- _Information_:
****

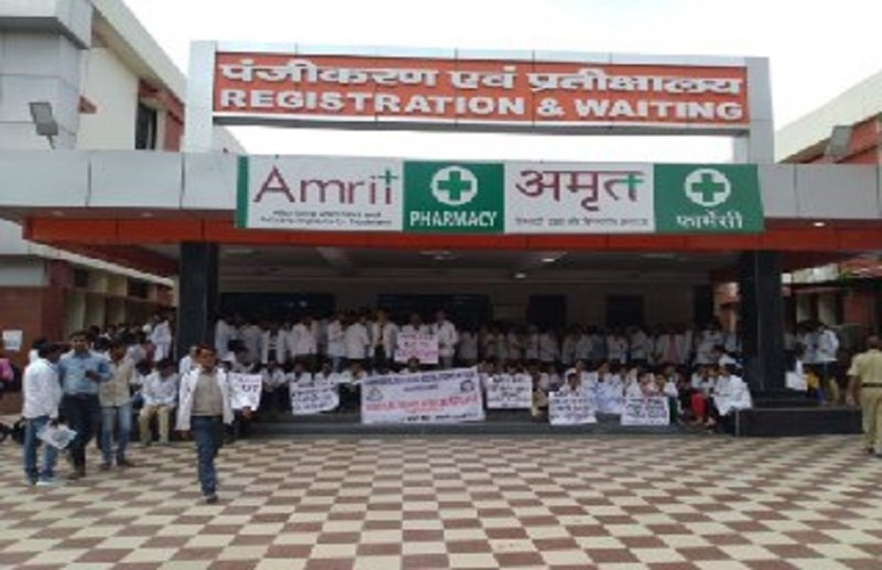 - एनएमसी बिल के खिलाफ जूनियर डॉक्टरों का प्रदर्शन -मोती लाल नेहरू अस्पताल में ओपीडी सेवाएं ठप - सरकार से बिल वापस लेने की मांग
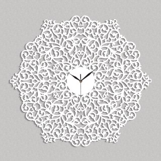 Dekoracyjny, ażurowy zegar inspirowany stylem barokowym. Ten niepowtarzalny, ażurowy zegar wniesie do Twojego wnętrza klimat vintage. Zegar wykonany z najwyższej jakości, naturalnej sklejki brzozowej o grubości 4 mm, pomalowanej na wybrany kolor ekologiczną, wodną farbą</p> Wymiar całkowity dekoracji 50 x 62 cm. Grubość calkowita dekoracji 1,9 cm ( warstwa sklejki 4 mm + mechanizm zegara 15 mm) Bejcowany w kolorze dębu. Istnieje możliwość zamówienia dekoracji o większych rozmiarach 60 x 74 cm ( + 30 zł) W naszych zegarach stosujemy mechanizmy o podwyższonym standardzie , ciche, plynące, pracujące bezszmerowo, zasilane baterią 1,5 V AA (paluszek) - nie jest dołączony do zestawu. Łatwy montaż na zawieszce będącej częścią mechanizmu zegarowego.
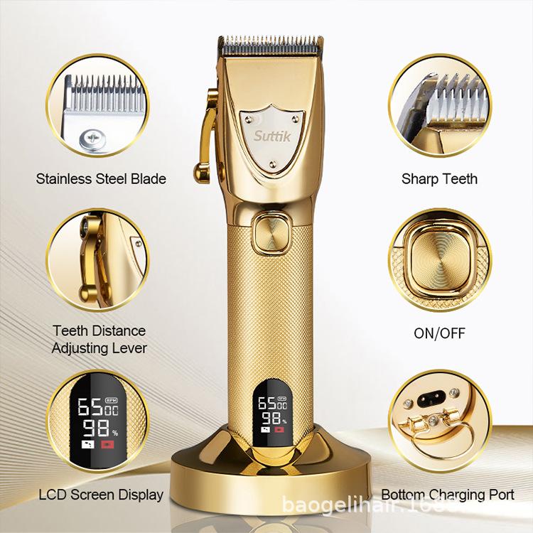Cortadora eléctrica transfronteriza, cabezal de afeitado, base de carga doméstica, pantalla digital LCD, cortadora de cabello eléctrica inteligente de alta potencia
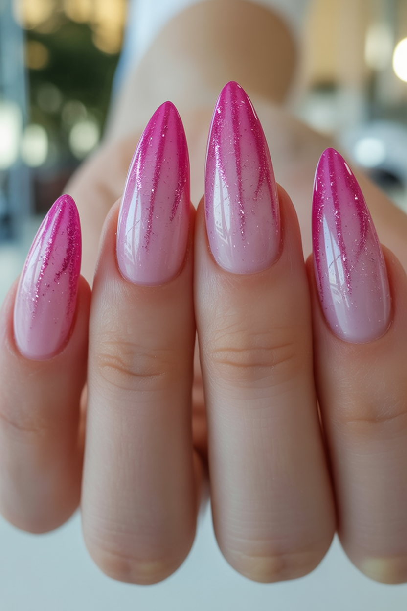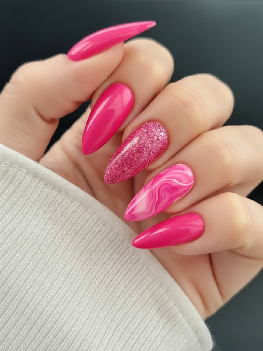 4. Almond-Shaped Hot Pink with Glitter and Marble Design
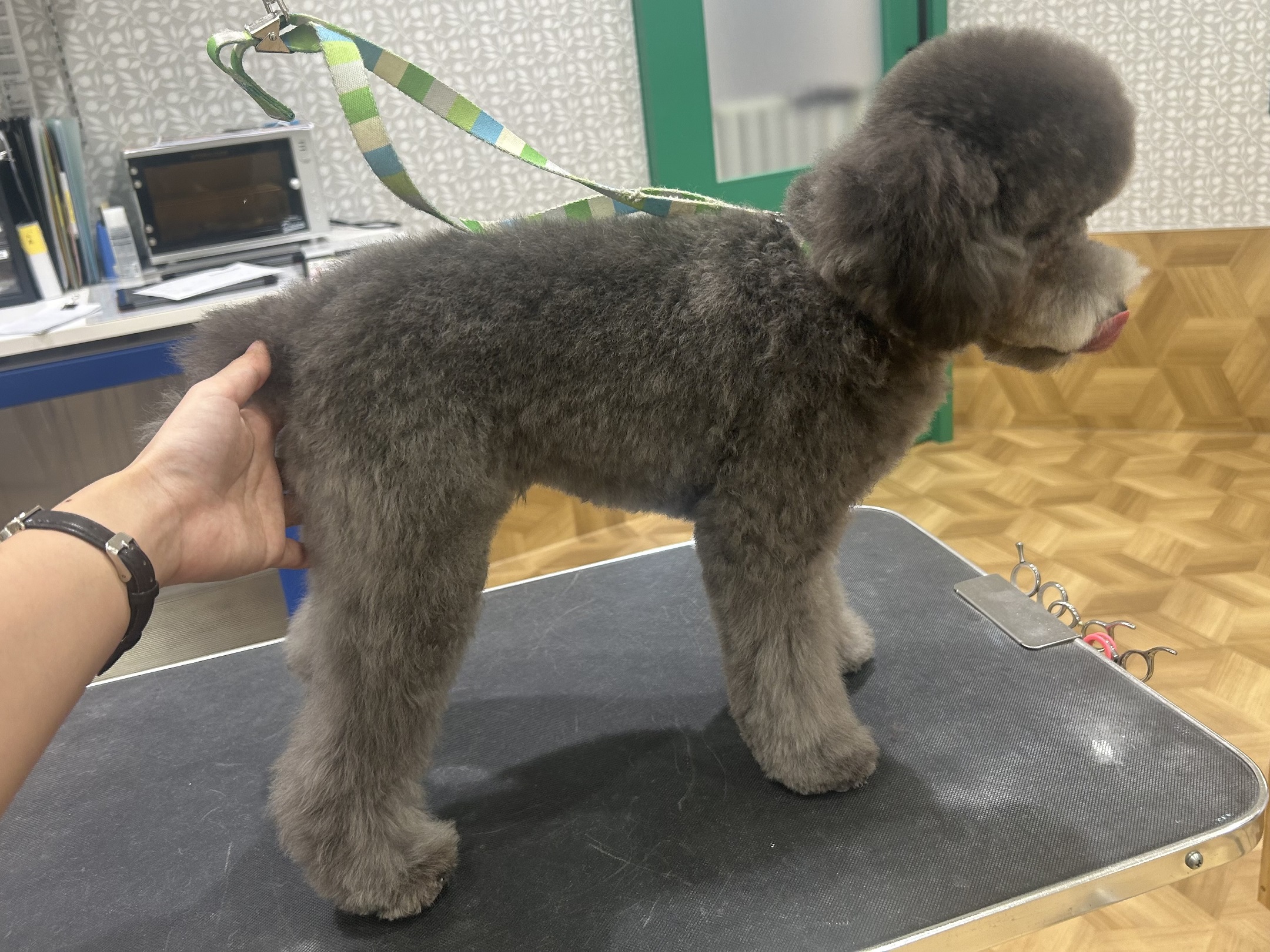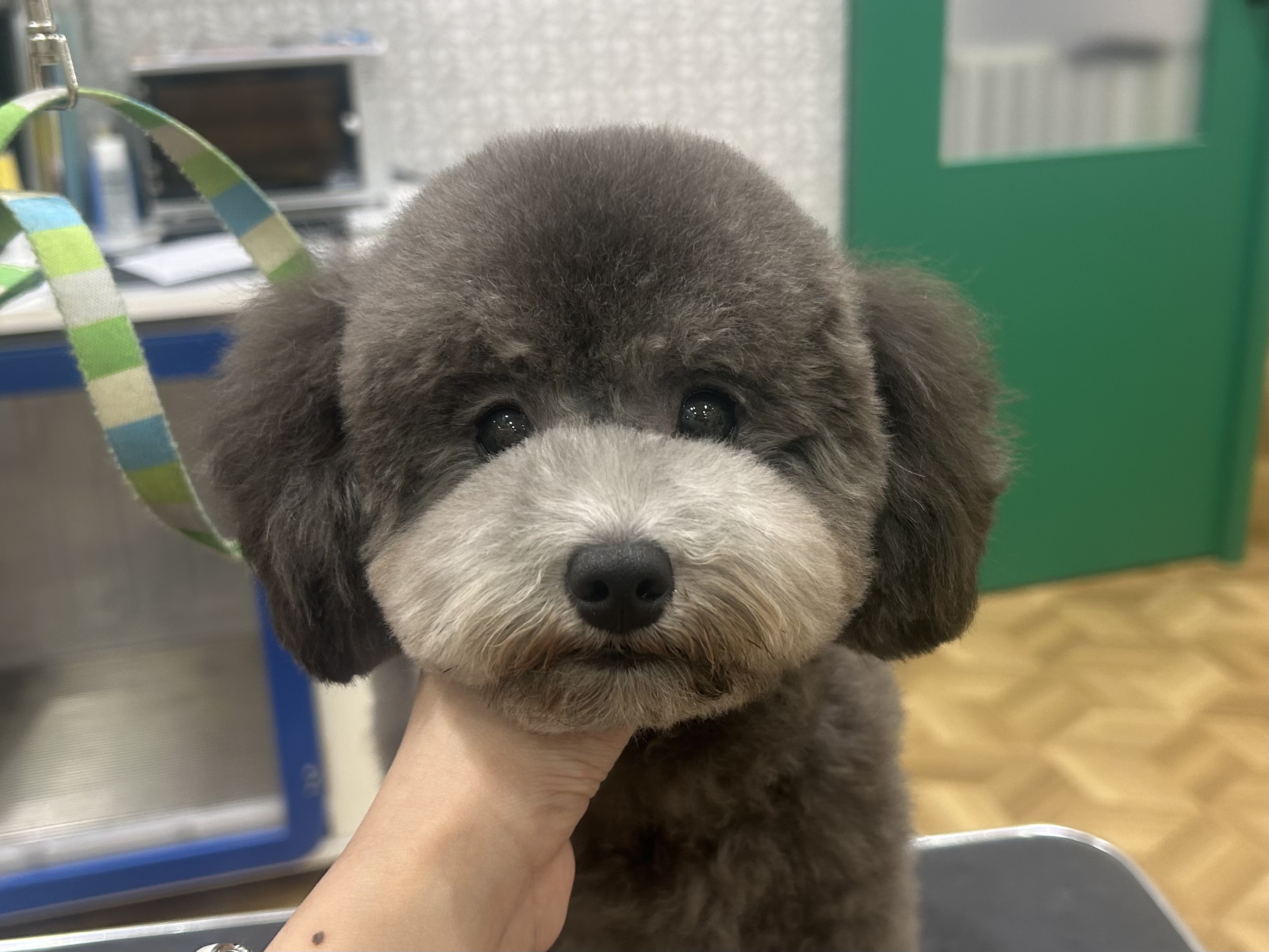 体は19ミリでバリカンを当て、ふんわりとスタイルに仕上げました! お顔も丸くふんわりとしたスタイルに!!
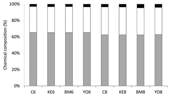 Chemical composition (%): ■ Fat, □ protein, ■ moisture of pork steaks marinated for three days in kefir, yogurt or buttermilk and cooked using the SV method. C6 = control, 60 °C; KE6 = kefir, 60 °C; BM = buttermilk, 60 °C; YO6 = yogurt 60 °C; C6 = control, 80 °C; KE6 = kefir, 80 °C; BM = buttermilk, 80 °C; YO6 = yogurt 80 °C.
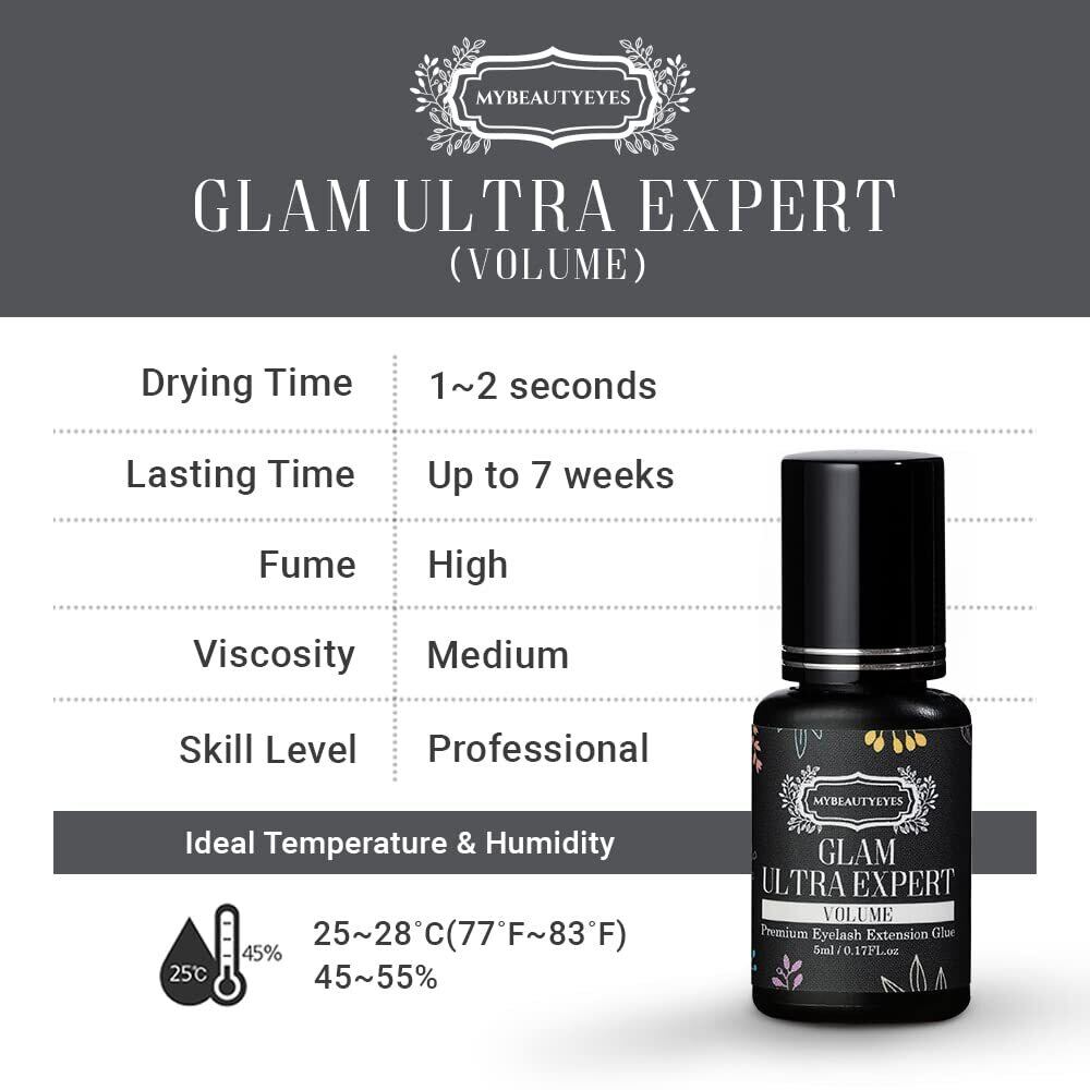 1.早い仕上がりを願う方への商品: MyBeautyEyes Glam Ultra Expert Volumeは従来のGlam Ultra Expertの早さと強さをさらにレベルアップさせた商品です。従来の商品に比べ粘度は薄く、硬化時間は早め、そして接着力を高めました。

****

- _Problem description_: Return only the lines that start at the line containing "Dekoracyjny, ażurowy zegar" and finish at the last line of the entries, exactly as written and without pictures.

- _Solution_:
 Dekoracyjny, ażurowy zegar inspirowany stylem barokowym. Ten niepowtarzalny, ażurowy zegar wniesie do Twojego wnętrza klimat vintage. Zegar wykonany z najwyższej jakości, naturalnej sklejki brzozowej o grubości 4 mm, pomalowanej na wybrany kolor ekologiczną, wodną farbą</p> Wymiar całkowity dekoracji 50 x 62 cm. Grubość calkowita dekoracji 1,9 cm ( warstwa sklejki 4 mm + mechanizm zegara 15 mm) Bejcowany w kolorze dębu. Istnieje możliwość zamówienia dekoracji o większych rozmiarach 60 x 74 cm ( + 30 zł) W naszych zegarach stosujemy mechanizmy o podwyższonym standardzie , ciche, plynące, pracujące bezszmerowo, zasilane baterią 1,5 V AA (paluszek) - nie jest dołączony do zestawu. Łatwy montaż na zawieszce będącej częścią mechanizmu zegarowego.
Cortadora eléctrica transfronteriza, cabezal de afeitado, base de carga doméstica, pantalla digital LCD, cortadora de cabello eléctrica inteligente de alta potencia
 4. Almond-Shaped Hot Pink with Glitter and Marble Design
 体は19ミリでバリカンを当て、ふんわりとスタイルに仕上げました! お顔も丸くふんわりとしたスタイルに!!
 Chemical composition (%): ■ Fat, □ protein, ■ moisture of pork steaks marinated for three days in kefir, yogurt or buttermilk and cooked using the SV method. C6 = control, 60 °C; KE6 = kefir, 60 °C; BM = buttermilk, 60 °C; YO6 = yogurt 60 °C; C6 = control, 80 °C; KE6 = kefir, 80 °C; BM = buttermilk, 80 °C; YO6 = yogurt 80 °C.
 1.早い仕上がりを願う方への商品: MyBeautyEyes Glam Ultra Expert Volumeは従来のGlam Ultra Expertの早さと強さをさらにレベルアップさせた商品です。従来の商品に比べ粘度は薄く、硬化時間は早め、そして接着力を高めました。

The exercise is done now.